- [EXERCISE REQUIREMENTS] The expected output is the full set of entries, printed exactly, without pictures.

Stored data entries
+-------+
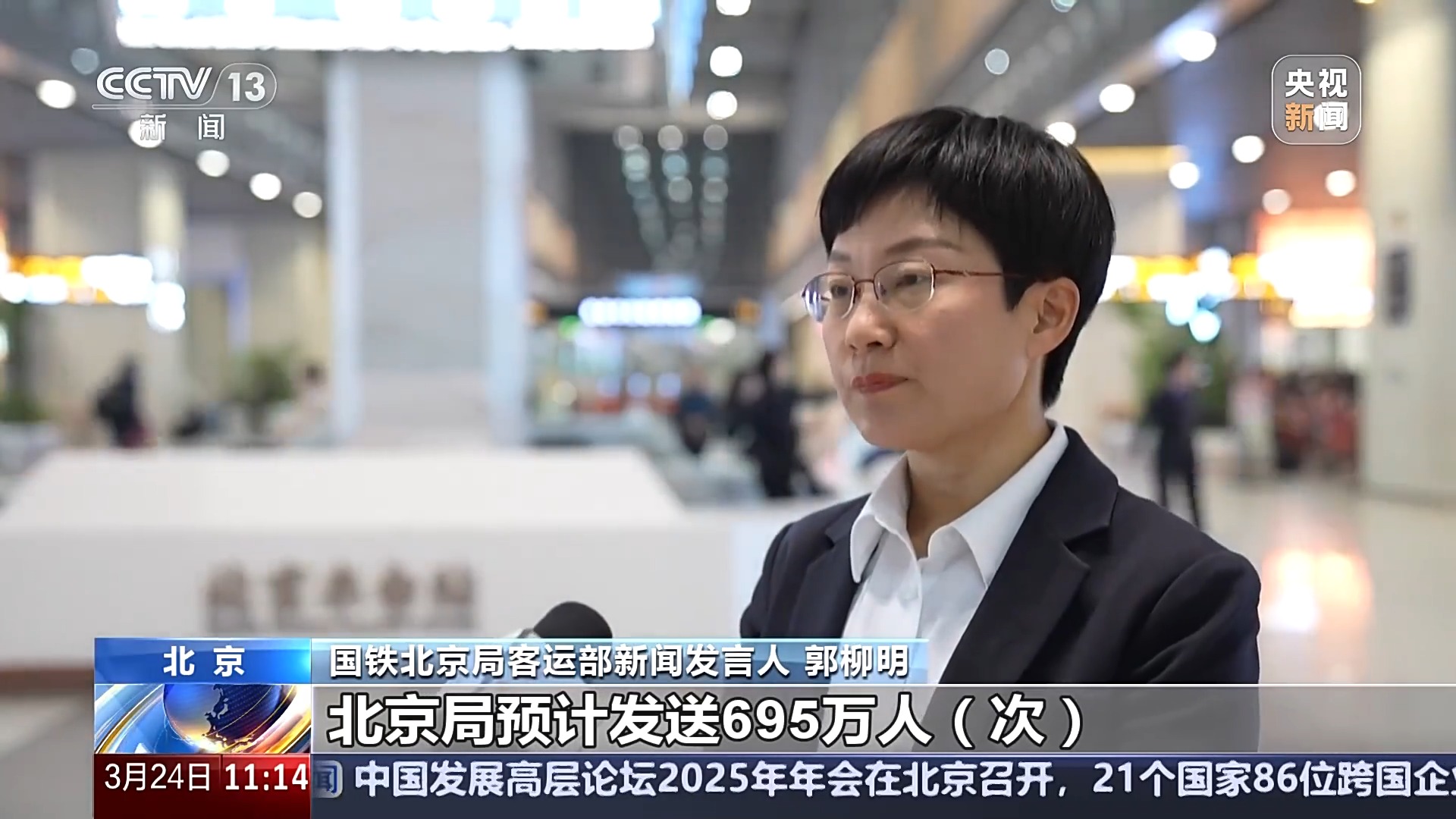 國鐵北京局客運(yùn)部新聞發(fā)言人 郭柳明:清明運(yùn)輸期間5天,北京局預(yù)計(jì)發(fā)送695萬人次,同比增幅4.6%。高峰日在4月4日,預(yù)計(jì)發(fā)送165萬人次??土髦饕性跐?jì)南、太原、鄭州、沈陽、青島、西安以及北京至天津、保定、石家莊、張家口往返間。
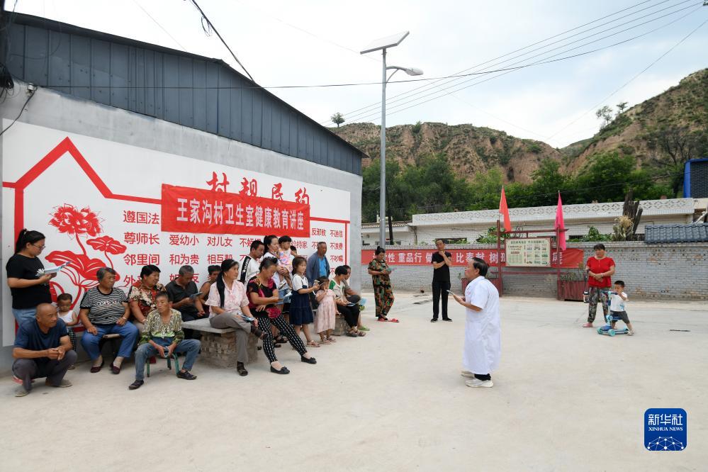 在石樓縣龍交鄉王家溝村,楊興榮(右三)在為村民講解健康知識(8月15日攝)。
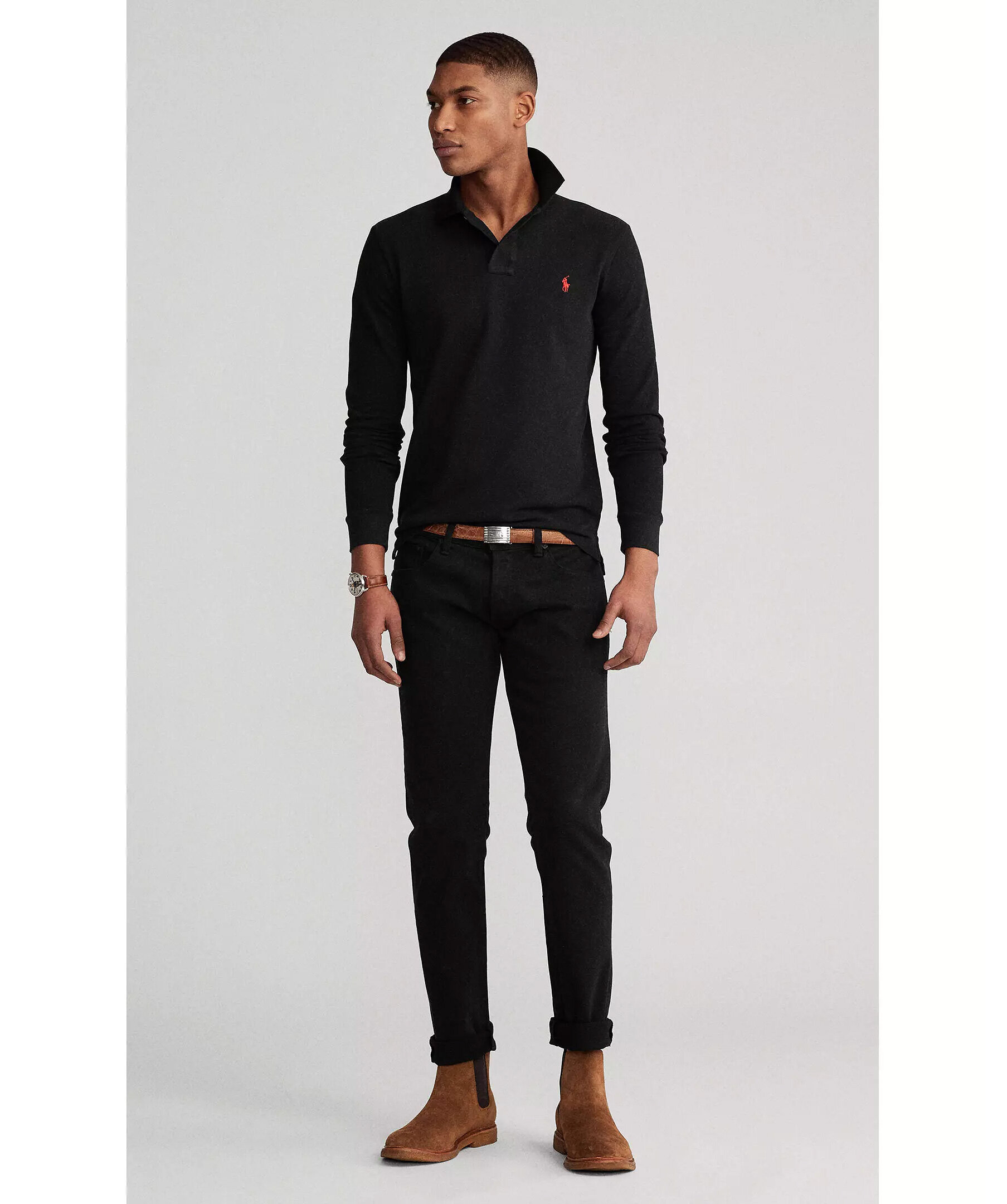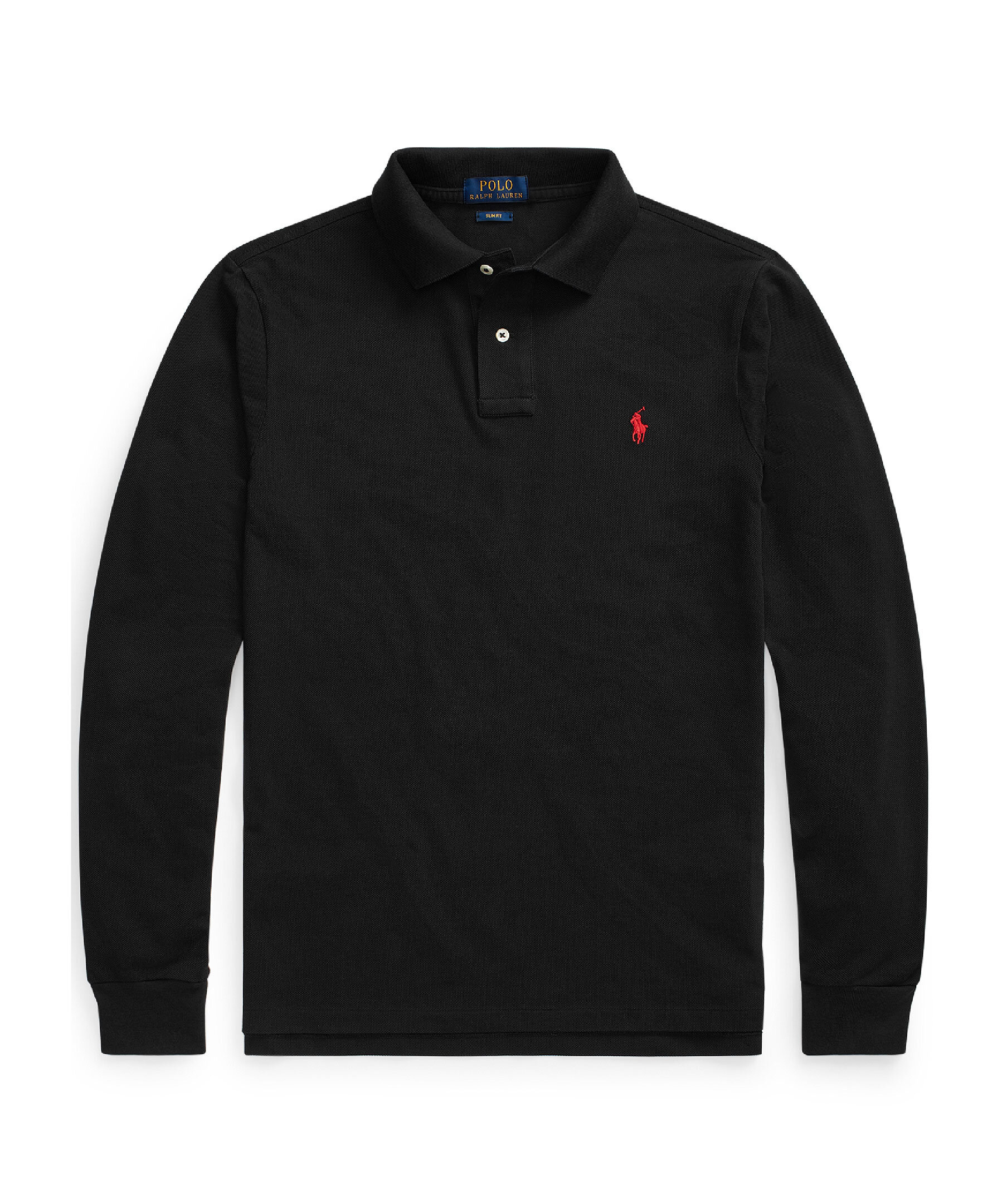 Svart långärmad piké tröja från Polo Ralph Lauren. Broderad logotyp i rött på vänster bröst. Ribbstickad krage och ärmslut. Tillverkad i 100% Bomull.
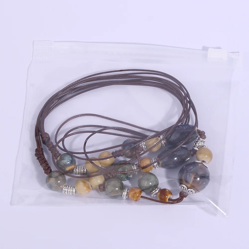 Vintage Ceramic Adjustable Necklace Long Ethnic Style Women's Sweater Chain Cotton Linen Clothing Accessories Pendants Jewelry
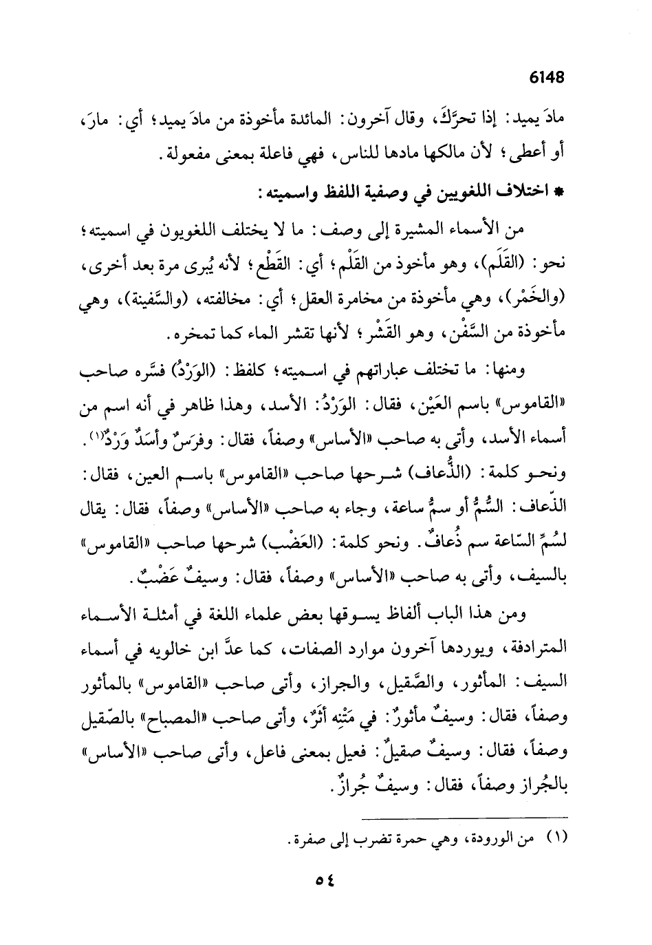 ومنها: ما تختلف عباراتهم في اسميته؛ كلفظ: (الوَرْدُ) فسَّره صاحب "القاموس" باسم العَيْن، فقال: الوَرْدُ: الأسد، وهذا ظاهر في أنه اسم من أسماء الأسد، وأتى به صاحب "الأساس" وصفاً، فقال: وفرَسٌ وأسَدٌ وَرْدٌ (¬1). ونحو كلمة: (الذُّعاف) شرحها صاحب "القاموس" باسم العين، فقال: الذّعاف: السُّمُّ أو سمُّ ساعة، وجاء به صاحب "الأساس" وصفاً، فقال: يقال لسُمِّ الساعة سم ذُعافٌ ونحو كلمة: (العَضْب) شرحها صاحب "القاموس" بالسيف، وأتى به صاحب "الأساس" وصفاً، فقال: وسيفٌ عَضْبٌ.
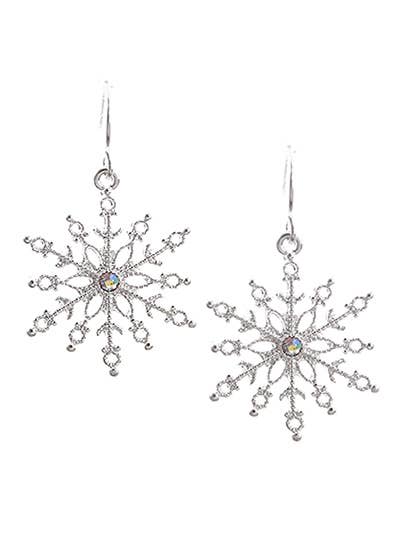 Boucles d'oreilles pendantes en argent sterling en forme de flocon de neige en vente B2B
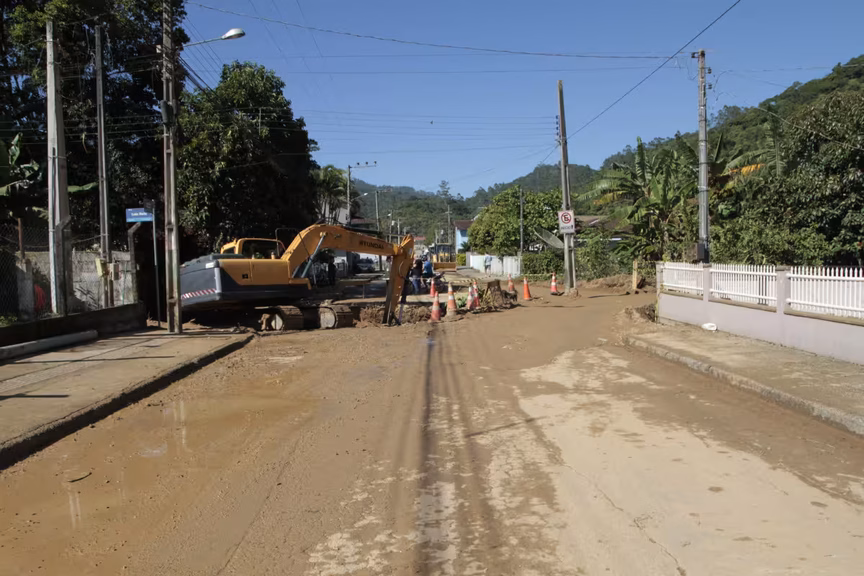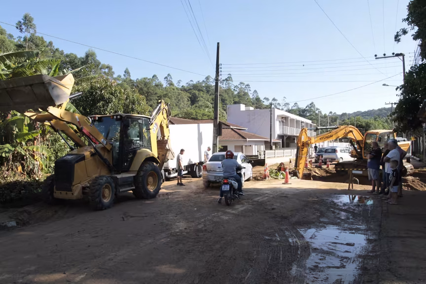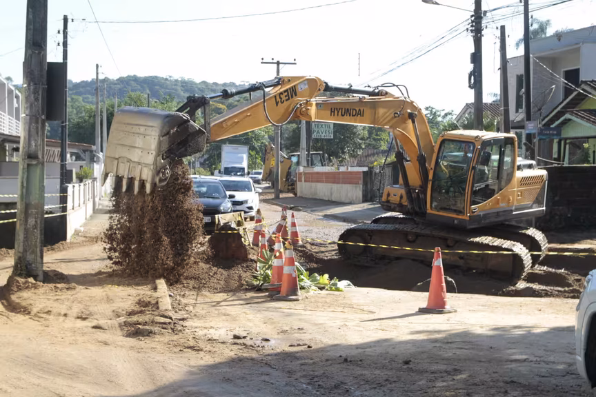O trânsito na rua Arnoldo Ristow segue prejudicado nesta quarta-feira, 19, devido ao cedimento de parte de uma galeria no bairro Zantão, em Brusque, que ocorreu na tarde da última terça-feira, 18.
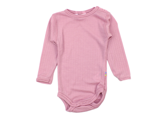 Rosa langærmet body i ren merinould fra Joha. Modellen er fremstillet i 100% merinould med et lodret ribmønster, som giver en let og behagelig pasform. Trykknapper på den ene skulder og mellem benene gør bodyen praktisk og nem at tage af og på.
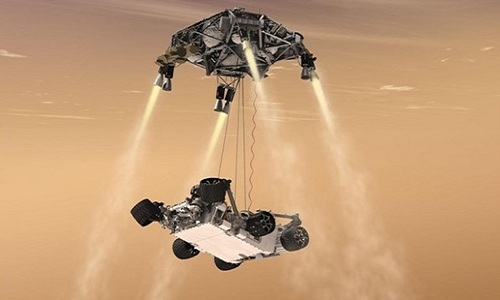 Ngày 5/8/2012, sau khi thâm nhập vào bầu khí quyển sao Hỏa, thiết bị gồm 4 động cơ được kích hoạt và từ từ đẩy Curiosity tiếp đất từ độ cao 20 m bằng dây cáp.
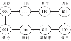 時鐘計時和時鐘調(diào)整模式通過外部按鍵K1來實現(xiàn)切換,其工作模式如圖6所示的由八種狀態(tài)變量組成。在時鐘調(diào)整模式(即除去111計時狀態(tài))的任意情況下通過按鍵K2進行時間調(diào)整。
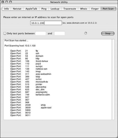 Type in the IP address of your server, and click the Port Scan button. The list of open ports returned tells you whether your firewall is configured to your liking (Figure 10.18).
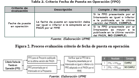 El objetivo de este criterio es verificar que la fecha de entrada en operación del Preoyecto de la Propuesta del Interesado, FPOp es igual o inferior respecto a la FPO adoptada en el PAGN por el MME, FPOPAGN, Para ello, la UPME revisa la información contenida en el anexo "FORMATO 2. Información general del proyecto" y lo descrito en el numeral 5.2.5 de la presente resolución.
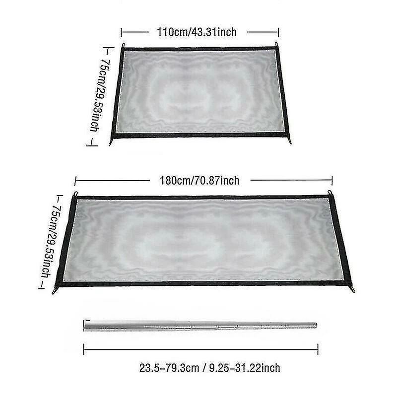 [Product material]: Nylon Mesh + Stainless Steel Tube [Product size]: Net 180 * 75cm, 110 * 75cm Tube shrink 23.5cm,elongation 80cm (Manual measurement, please understand if there are errors) [Product weight]: 1.8m 310g with opp bag 1.1m 260g with opp bag [Product packaging]: opp bag [Product packaging size]: 23.5 * 16.5 * 3.5cm bag How to use: Unfold the fabric woven Stretch two metal poles to the max length Put these two poles into the tunnels on both sides Fix the sticky hooks where you will install this magic gate Hang the fabric woven on the four hooks
+-------+
- [WRITTEN RESPONSE]
 國鐵北京局客運(yùn)部新聞發(fā)言人 郭柳明:清明運(yùn)輸期間5天,北京局預(yù)計(jì)發(fā)送695萬人次,同比增幅4.6%。高峰日在4月4日,預(yù)計(jì)發(fā)送165萬人次??土髦饕性跐?jì)南、太原、鄭州、沈陽、青島、西安以及北京至天津、保定、石家莊、張家口往返間。
 在石樓縣龍交鄉王家溝村,楊興榮(右三)在為村民講解健康知識(8月15日攝)。
 Svart långärmad piké tröja från Polo Ralph Lauren. Broderad logotyp i rött på vänster bröst. Ribbstickad krage och ärmslut. Tillverkad i 100% Bomull.
 Vintage Ceramic Adjustable Necklace Long Ethnic Style Women's Sweater Chain Cotton Linen Clothing Accessories Pendants Jewelry
 ومنها: ما تختلف عباراتهم في اسميته؛ كلفظ: (الوَرْدُ) فسَّره صاحب "القاموس" باسم العَيْن، فقال: الوَرْدُ: الأسد، وهذا ظاهر في أنه اسم من أسماء الأسد، وأتى به صاحب "الأساس" وصفاً، فقال: وفرَسٌ وأسَدٌ وَرْدٌ (¬1). ونحو كلمة: (الذُّعاف) شرحها صاحب "القاموس" باسم العين، فقال: الذّعاف: السُّمُّ أو سمُّ ساعة، وجاء به صاحب "الأساس" وصفاً، فقال: يقال لسُمِّ الساعة سم ذُعافٌ ونحو كلمة: (العَضْب) شرحها صاحب "القاموس" بالسيف، وأتى به صاحب "الأساس" وصفاً، فقال: وسيفٌ عَضْبٌ.
 Boucles d'oreilles pendantes en argent sterling en forme de flocon de neige en vente B2B
O trânsito na rua Arnoldo Ristow segue prejudicado nesta quarta-feira, 19, devido ao cedimento de parte de uma galeria no bairro Zantão, em Brusque, que ocorreu na tarde da última terça-feira, 18.
 Rosa langærmet body i ren merinould fra Joha. Modellen er fremstillet i 100% merinould med et lodret ribmønster, som giver en let og behagelig pasform. Trykknapper på den ene skulder og mellem benene gør bodyen praktisk og nem at tage af og på.
 Ngày 5/8/2012, sau khi thâm nhập vào bầu khí quyển sao Hỏa, thiết bị gồm 4 động cơ được kích hoạt và từ từ đẩy Curiosity tiếp đất từ độ cao 20 m bằng dây cáp.
 時鐘計時和時鐘調(diào)整模式通過外部按鍵K1來實現(xiàn)切換,其工作模式如圖6所示的由八種狀態(tài)變量組成。在時鐘調(diào)整模式(即除去111計時狀態(tài))的任意情況下通過按鍵K2進行時間調(diào)整。
 Type in the IP address of your server, and click the Port Scan button. The list of open ports returned tells you whether your firewall is configured to your liking (Figure 10.18).
 El objetivo de este criterio es verificar que la fecha de entrada en operación del Preoyecto de la Propuesta del Interesado, FPOp es igual o inferior respecto a la FPO adoptada en el PAGN por el MME, FPOPAGN, Para ello, la UPME revisa la información contenida en el anexo "FORMATO 2. Información general del proyecto" y lo descrito en el numeral 5.2.5 de la presente resolución.
 [Product material]: Nylon Mesh + Stainless Steel Tube [Product size]: Net 180 * 75cm, 110 * 75cm Tube shrink 23.5cm,elongation 80cm (Manual measurement, please understand if there are errors) [Product weight]: 1.8m 310g with opp bag 1.1m 260g with opp bag [Product packaging]: opp bag [Product packaging size]: 23.5 * 16.5 * 3.5cm bag How to use: Unfold the fabric woven Stretch two metal poles to the max length Put these two poles into the tunnels on both sides Fix the sticky hooks where you will install this magic gate Hang the fabric woven on the four hooks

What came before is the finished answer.